YOUR INSTRUCTIONS: Every record gets copied exactly, and no picture goes with it.

DATASET RECORDS:
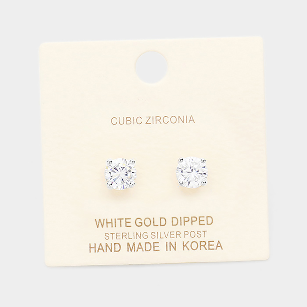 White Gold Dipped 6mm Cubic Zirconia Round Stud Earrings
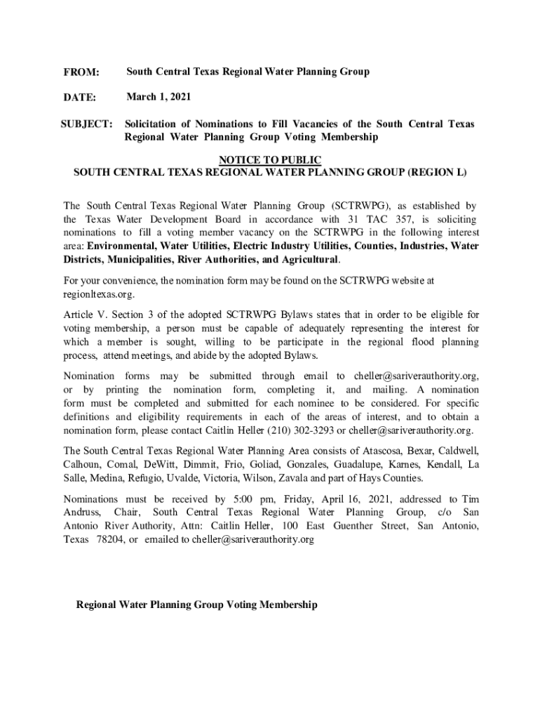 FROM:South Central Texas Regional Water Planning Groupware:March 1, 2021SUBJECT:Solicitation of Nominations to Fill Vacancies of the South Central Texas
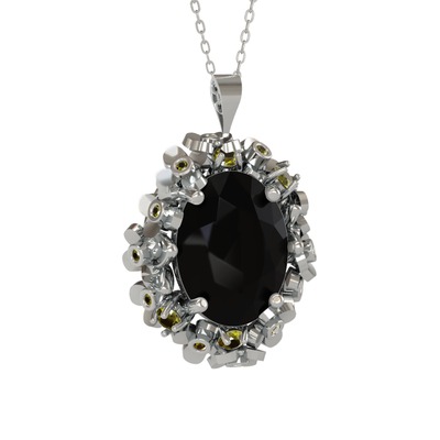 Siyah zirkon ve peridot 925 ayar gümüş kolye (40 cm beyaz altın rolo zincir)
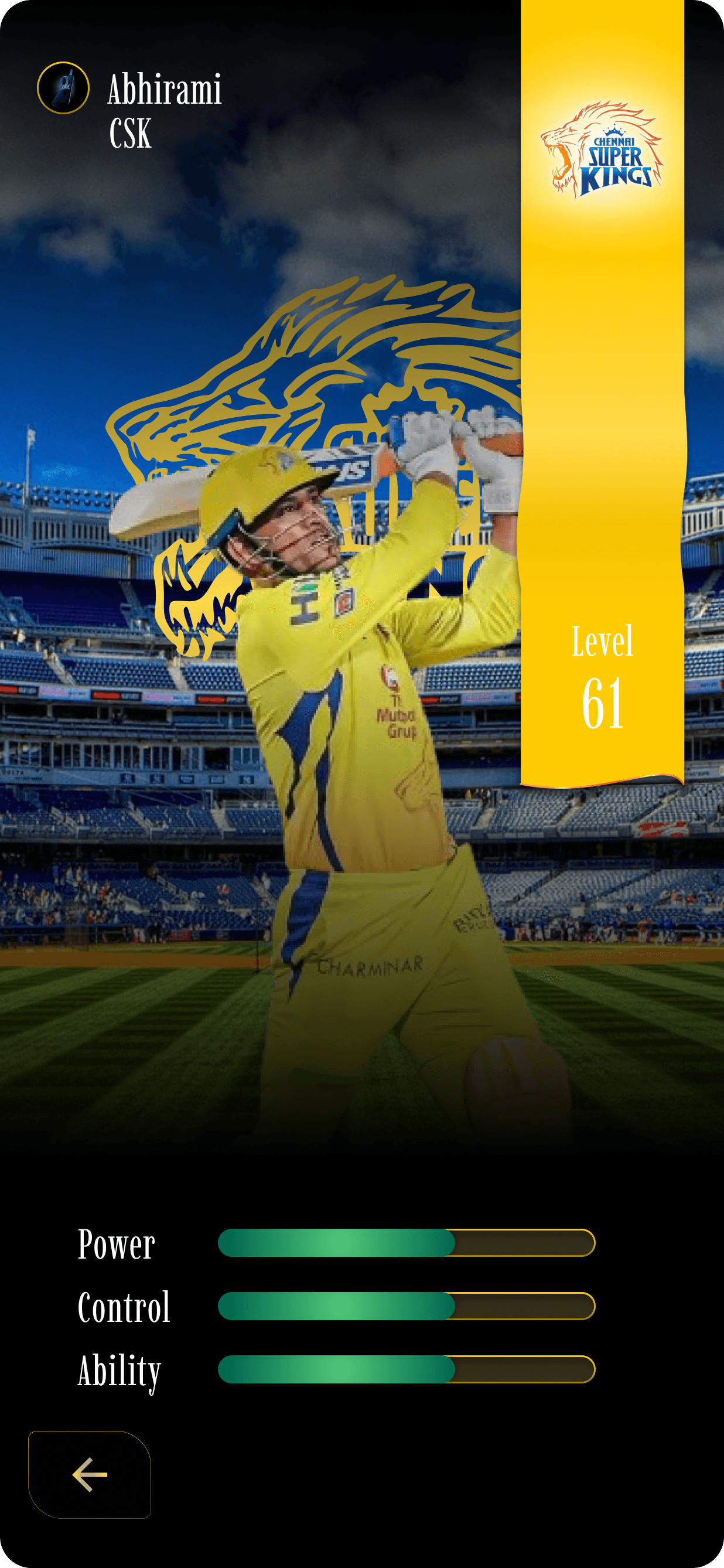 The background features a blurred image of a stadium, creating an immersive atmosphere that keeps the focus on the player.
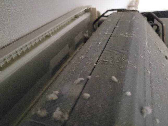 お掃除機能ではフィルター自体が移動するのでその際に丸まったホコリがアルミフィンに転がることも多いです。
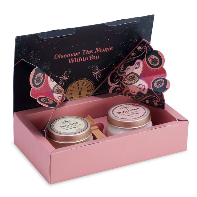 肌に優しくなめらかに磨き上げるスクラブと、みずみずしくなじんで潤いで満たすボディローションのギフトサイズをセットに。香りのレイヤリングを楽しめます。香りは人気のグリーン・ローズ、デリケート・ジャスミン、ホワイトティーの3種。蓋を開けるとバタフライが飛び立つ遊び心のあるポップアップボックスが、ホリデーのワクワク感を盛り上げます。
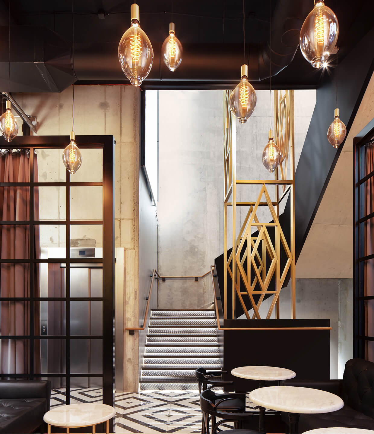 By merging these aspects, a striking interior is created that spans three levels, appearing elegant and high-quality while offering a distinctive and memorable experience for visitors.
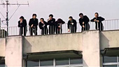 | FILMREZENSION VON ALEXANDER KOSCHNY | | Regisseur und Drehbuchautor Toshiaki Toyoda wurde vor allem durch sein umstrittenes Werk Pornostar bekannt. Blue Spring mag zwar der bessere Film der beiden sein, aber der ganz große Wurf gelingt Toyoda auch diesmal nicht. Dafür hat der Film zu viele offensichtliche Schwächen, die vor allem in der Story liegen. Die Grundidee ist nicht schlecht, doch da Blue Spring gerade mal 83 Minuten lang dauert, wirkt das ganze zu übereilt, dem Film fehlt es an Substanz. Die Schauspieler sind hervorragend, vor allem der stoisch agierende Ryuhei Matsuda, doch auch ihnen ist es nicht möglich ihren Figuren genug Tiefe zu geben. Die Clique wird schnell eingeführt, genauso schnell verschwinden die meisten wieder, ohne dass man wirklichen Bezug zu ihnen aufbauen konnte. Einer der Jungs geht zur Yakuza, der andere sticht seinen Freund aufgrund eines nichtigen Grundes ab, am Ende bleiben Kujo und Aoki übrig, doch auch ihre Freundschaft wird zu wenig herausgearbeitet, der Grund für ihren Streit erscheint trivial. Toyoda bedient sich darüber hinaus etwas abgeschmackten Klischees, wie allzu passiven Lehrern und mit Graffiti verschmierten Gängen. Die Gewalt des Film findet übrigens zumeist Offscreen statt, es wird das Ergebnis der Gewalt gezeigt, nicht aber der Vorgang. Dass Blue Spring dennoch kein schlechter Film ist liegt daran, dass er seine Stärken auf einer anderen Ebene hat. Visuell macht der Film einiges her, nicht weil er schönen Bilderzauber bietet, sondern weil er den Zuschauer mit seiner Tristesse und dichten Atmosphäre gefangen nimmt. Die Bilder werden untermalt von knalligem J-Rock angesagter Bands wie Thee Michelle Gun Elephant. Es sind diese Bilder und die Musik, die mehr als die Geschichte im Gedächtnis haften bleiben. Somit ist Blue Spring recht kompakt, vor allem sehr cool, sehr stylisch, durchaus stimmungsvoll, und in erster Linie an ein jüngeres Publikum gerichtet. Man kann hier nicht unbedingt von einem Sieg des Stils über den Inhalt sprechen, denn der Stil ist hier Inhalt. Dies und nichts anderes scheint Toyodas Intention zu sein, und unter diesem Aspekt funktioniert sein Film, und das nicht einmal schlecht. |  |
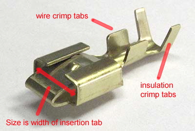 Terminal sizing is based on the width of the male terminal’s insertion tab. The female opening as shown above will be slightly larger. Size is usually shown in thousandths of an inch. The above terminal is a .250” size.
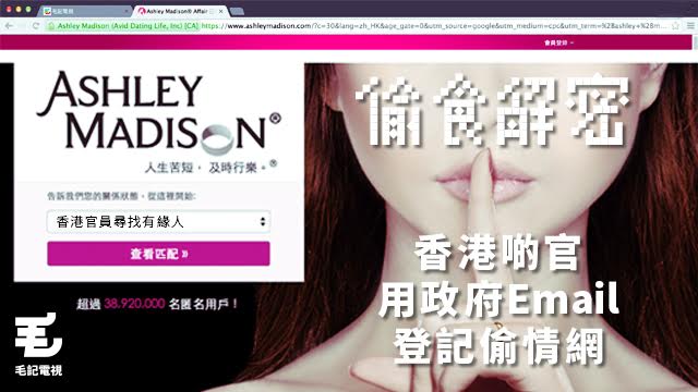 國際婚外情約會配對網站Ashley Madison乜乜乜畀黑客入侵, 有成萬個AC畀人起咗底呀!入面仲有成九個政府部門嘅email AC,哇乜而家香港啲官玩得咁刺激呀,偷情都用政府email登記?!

EXERCISE OUTPUT:
 White Gold Dipped 6mm Cubic Zirconia Round Stud Earrings
 FROM:South Central Texas Regional Water Planning Groupware:March 1, 2021SUBJECT:Solicitation of Nominations to Fill Vacancies of the South Central Texas
 Siyah zirkon ve peridot 925 ayar gümüş kolye (40 cm beyaz altın rolo zincir)
 The background features a blurred image of a stadium, creating an immersive atmosphere that keeps the focus on the player.
 お掃除機能ではフィルター自体が移動するのでその際に丸まったホコリがアルミフィンに転がることも多いです。
 肌に優しくなめらかに磨き上げるスクラブと、みずみずしくなじんで潤いで満たすボディローションのギフトサイズをセットに。香りのレイヤリングを楽しめます。香りは人気のグリーン・ローズ、デリケート・ジャスミン、ホワイトティーの3種。蓋を開けるとバタフライが飛び立つ遊び心のあるポップアップボックスが、ホリデーのワクワク感を盛り上げます。
 By merging these aspects, a striking interior is created that spans three levels, appearing elegant and high-quality while offering a distinctive and memorable experience for visitors.
 | FILMREZENSION VON ALEXANDER KOSCHNY | | Regisseur und Drehbuchautor Toshiaki Toyoda wurde vor allem durch sein umstrittenes Werk Pornostar bekannt. Blue Spring mag zwar der bessere Film der beiden sein, aber der ganz große Wurf gelingt Toyoda auch diesmal nicht. Dafür hat der Film zu viele offensichtliche Schwächen, die vor allem in der Story liegen. Die Grundidee ist nicht schlecht, doch da Blue Spring gerade mal 83 Minuten lang dauert, wirkt das ganze zu übereilt, dem Film fehlt es an Substanz. Die Schauspieler sind hervorragend, vor allem der stoisch agierende Ryuhei Matsuda, doch auch ihnen ist es nicht möglich ihren Figuren genug Tiefe zu geben. Die Clique wird schnell eingeführt, genauso schnell verschwinden die meisten wieder, ohne dass man wirklichen Bezug zu ihnen aufbauen konnte. Einer der Jungs geht zur Yakuza, der andere sticht seinen Freund aufgrund eines nichtigen Grundes ab, am Ende bleiben Kujo und Aoki übrig, doch auch ihre Freundschaft wird zu wenig herausgearbeitet, der Grund für ihren Streit erscheint trivial. Toyoda bedient sich darüber hinaus etwas abgeschmackten Klischees, wie allzu passiven Lehrern und mit Graffiti verschmierten Gängen. Die Gewalt des Film findet übrigens zumeist Offscreen statt, es wird das Ergebnis der Gewalt gezeigt, nicht aber der Vorgang. Dass Blue Spring dennoch kein schlechter Film ist liegt daran, dass er seine Stärken auf einer anderen Ebene hat. Visuell macht der Film einiges her, nicht weil er schönen Bilderzauber bietet, sondern weil er den Zuschauer mit seiner Tristesse und dichten Atmosphäre gefangen nimmt. Die Bilder werden untermalt von knalligem J-Rock angesagter Bands wie Thee Michelle Gun Elephant. Es sind diese Bilder und die Musik, die mehr als die Geschichte im Gedächtnis haften bleiben. Somit ist Blue Spring recht kompakt, vor allem sehr cool, sehr stylisch, durchaus stimmungsvoll, und in erster Linie an ein jüngeres Publikum gerichtet. Man kann hier nicht unbedingt von einem Sieg des Stils über den Inhalt sprechen, denn der Stil ist hier Inhalt. Dies und nichts anderes scheint Toyodas Intention zu sein, und unter diesem Aspekt funktioniert sein Film, und das nicht einmal schlecht. |  |
 Terminal sizing is based on the width of the male terminal’s insertion tab. The female opening as shown above will be slightly larger. Size is usually shown in thousandths of an inch. The above terminal is a .250” size.
 國際婚外情約會配對網站Ashley Madison乜乜乜畀黑客入侵, 有成萬個AC畀人起咗底呀!入面仲有成九個政府部門嘅email AC,哇乜而家香港啲官玩得咁刺激呀,偷情都用政府email登記?!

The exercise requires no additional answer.